Construction workers were joined on Monday, April 13th by construction contractors and community groups at the Indiana Statehouse in their opposition to GOP attempts to eliminate that state’s Common Construction Wage. Workers across the state are making their voices heard and are taking to the airwaves to ensure that every Indiana citizen is able to hear their message.
Labor is not alone in its opposition to this proposed law. More than 30 Indiana mayors have come out against the law, including the mayors of Evansville, Boonville, Mt. Vernon, and Rockford. In Bloomington, where a mayoral election is underway, Democratic challenger Darryl Neher has voiced strong support for the CCW, calling repeal “a short-sighted and foolhardy attack on the working men and women of Indiana.” Neher has proposed that the city council take action and draft legislation that allows Bloomington to maintain its ability to pay fair wages on publicly funded construction projects.
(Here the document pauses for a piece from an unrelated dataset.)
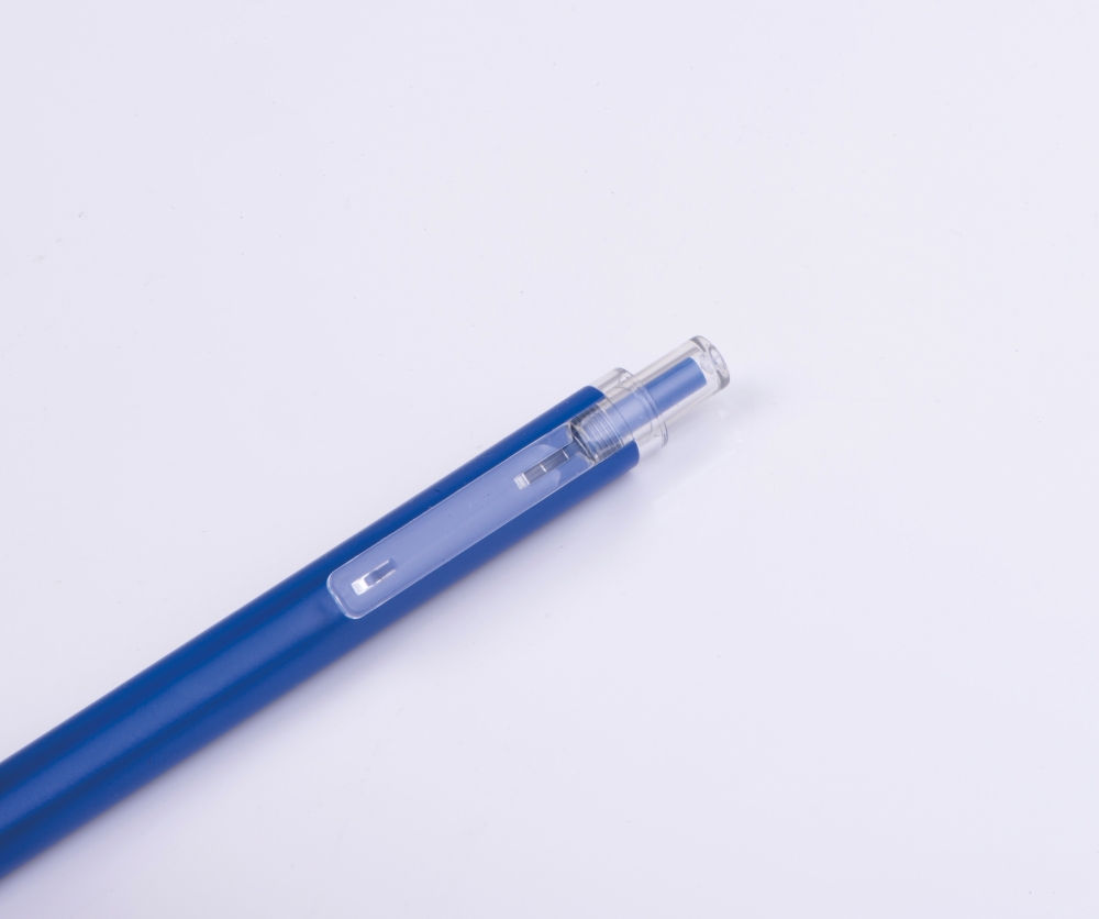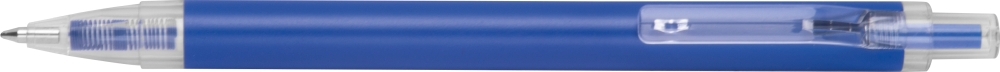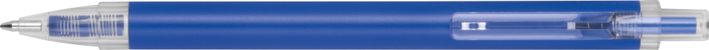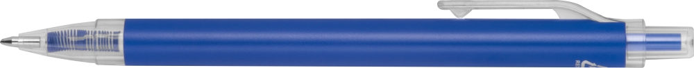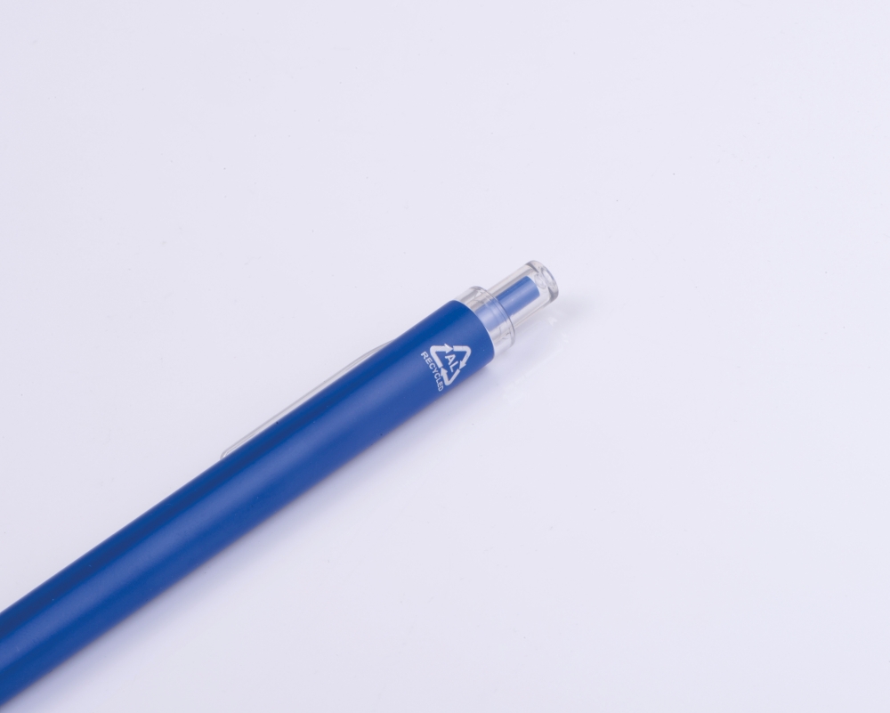 Ballpoint pen made from recycled aluminum and recycled plastic (RPET) with transparent clip and blue ink refill. Dimensions: o 1 x 14,2 cm
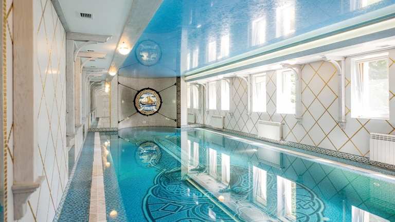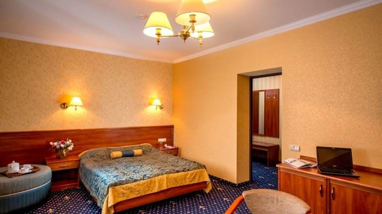 Das Buhta Vikingiv Hotel in Vodniki bietet seinen Gästen eine idyllische Umgebung mit drei Seen, einem Privatstrand, einem Reitstall und einem Wellnessbereich. Die schallisolierten Zimmer, Suiten und Apartments sind ideal für Familien geeignet und verfügen über einen Balkon und einen Fernseher. Das Hotel bietet eine Vielzahl von Aktivitäten wie Tennis, Angeln und Skifahren sowie Einrichtungen wie einen Spielplatz, einen Kinderclub, eine Sauna und eine Massage-Lounge. Das Hotel bietet auch einen Fitnessbereich und einen Fahrradverleih. Beginnen Sie Ihren Tag mit einem kontinentalen Frühstück und genießen Sie traditionelle ukrainische Spezialitäten im klassisch eingerichteten Restaurant des Hotels.

South Bend Mayor Pete Buttigieg called on his city council to make a similar move earlier this year. As he noted at the time:
“We can hold ourselves to a higher standard, and as the Economic Policy Institute suggests, in the process we can ensure worker safety, maintain the highest standards of construction quality, keep construction costs competitive and pay fair and livable wages.”
The bill, first passed in the Indiana House, is labelled HB 1019. It passed the Senate Tax and Fiscal Policy Committee by an 8-5 margin last week, meaning the Governor and conservative Republicans are one step closer to repealing that state’s Common Construction Wage which has worked for over 70 years. All committee Republicans voted in favor of the bill except for one, Senator Ed Charbonneau, who joined Democrats in voting against the wage-limiting bill.
Indiana’s Common Construction Wage is similar to the prevailing wage which sets wages and standards on publicly financed projects. Unlike the prevailing wage, the Common Construction Wage is determined by local boards composed of employers, Union representatives and two members of the local community.